After DOD published a preliminary environmental impact statement on proposed live fire exercises in the Confederation of the Northern Marianas, the speaker of the House in Saipan wondered whether the sound of artillery, machine guns and bombs might not upset visitors. Joseph Deleon Guerrero asked, "Is there a way to prove that live fire noise will not affect those tourists visiting Saipan?” Craig Wheldon, executive director of the U.S. Marine Corps Forces Pacific told the Saipan Times that the exercises probably won't be held on the Marianas islands of Tinian and Pagan this year, and invited representatives to DOD's facilities in Hawaii to see how live fire works.

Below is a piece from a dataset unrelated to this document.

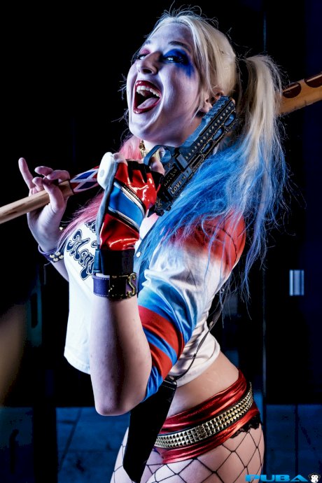 Pigtailed blonde in slutwear Leya Falcon lifts her shirt & shows her tits

A group called change.orggathered more than one hundred thirteen thousand signatures on an electronic petition to oppose what it described as plans to use Pagan as a bombing range. Weldon replied, "It’s a false characterization to liken the military's use of Pagan to Farallon De Mendenilla, Vieques or Kahoolawe”. In the past, each of those islands in the Marianas, Puerto Rico and Hawaii were used as bombing ranges. Wheldon said the military also responded to local concerns, and moved the training area to the northern, more volcanic part of Pagan. “We have demonstrated in many locations around the world how the Department of Defense is a good steward of the environment”, Wheldon added, “we would be so at Pagan as well."